EXERCISE INPUTS:
# # #
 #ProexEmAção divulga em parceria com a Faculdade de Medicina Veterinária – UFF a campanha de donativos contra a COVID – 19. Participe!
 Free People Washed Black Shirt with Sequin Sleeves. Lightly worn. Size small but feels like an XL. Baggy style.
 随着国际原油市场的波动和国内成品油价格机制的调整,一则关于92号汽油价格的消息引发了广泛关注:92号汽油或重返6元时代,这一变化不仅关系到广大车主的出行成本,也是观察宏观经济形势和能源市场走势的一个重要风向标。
# # #
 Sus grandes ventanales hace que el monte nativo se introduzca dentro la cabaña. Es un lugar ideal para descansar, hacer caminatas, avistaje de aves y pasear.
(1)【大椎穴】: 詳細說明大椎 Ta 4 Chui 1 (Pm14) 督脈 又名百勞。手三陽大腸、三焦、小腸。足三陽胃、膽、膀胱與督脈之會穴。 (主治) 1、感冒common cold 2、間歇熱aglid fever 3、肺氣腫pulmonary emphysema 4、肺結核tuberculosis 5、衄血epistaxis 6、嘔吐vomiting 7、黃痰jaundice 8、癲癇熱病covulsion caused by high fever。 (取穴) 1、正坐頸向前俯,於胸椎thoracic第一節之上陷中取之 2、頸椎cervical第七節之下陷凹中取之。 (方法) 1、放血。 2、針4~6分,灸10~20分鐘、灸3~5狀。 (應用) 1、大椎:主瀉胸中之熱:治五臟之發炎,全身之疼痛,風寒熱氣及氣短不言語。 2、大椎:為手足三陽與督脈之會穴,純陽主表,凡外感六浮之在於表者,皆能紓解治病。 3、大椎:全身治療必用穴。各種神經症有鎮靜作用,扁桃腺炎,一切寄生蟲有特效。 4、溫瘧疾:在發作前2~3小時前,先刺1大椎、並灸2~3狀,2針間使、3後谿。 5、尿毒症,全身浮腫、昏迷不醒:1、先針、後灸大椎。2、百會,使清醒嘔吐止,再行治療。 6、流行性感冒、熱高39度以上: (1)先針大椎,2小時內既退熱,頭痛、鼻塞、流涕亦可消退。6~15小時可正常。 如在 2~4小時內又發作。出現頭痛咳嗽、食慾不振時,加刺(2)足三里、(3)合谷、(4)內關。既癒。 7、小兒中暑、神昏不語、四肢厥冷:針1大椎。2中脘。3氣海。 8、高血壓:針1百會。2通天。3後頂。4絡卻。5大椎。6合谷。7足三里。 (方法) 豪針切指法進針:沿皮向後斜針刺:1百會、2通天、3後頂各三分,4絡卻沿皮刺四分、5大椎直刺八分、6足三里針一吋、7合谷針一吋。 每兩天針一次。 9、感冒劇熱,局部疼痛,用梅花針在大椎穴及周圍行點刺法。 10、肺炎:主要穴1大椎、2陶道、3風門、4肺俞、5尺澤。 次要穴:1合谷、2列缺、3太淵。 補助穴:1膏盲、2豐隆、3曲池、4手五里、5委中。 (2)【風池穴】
# # #
PROBLEM DESCRIPTION: Copy the entries above exactly, but only from the line holding "#ProexEmAção divulga em" through the line holding "随着国际原油市场的波动和国内", both included.

RESULT:
 #ProexEmAção divulga em parceria com a Faculdade de Medicina Veterinária – UFF a campanha de donativos contra a COVID – 19. Participe!
 Free People Washed Black Shirt with Sequin Sleeves. Lightly worn. Size small but feels like an XL. Baggy style.
 随着国际原油市场的波动和国内成品油价格机制的调整,一则关于92号汽油价格的消息引发了广泛关注:92号汽油或重返6元时代,这一变化不仅关系到广大车主的出行成本,也是观察宏观经济形势和能源市场走势的一个重要风向标。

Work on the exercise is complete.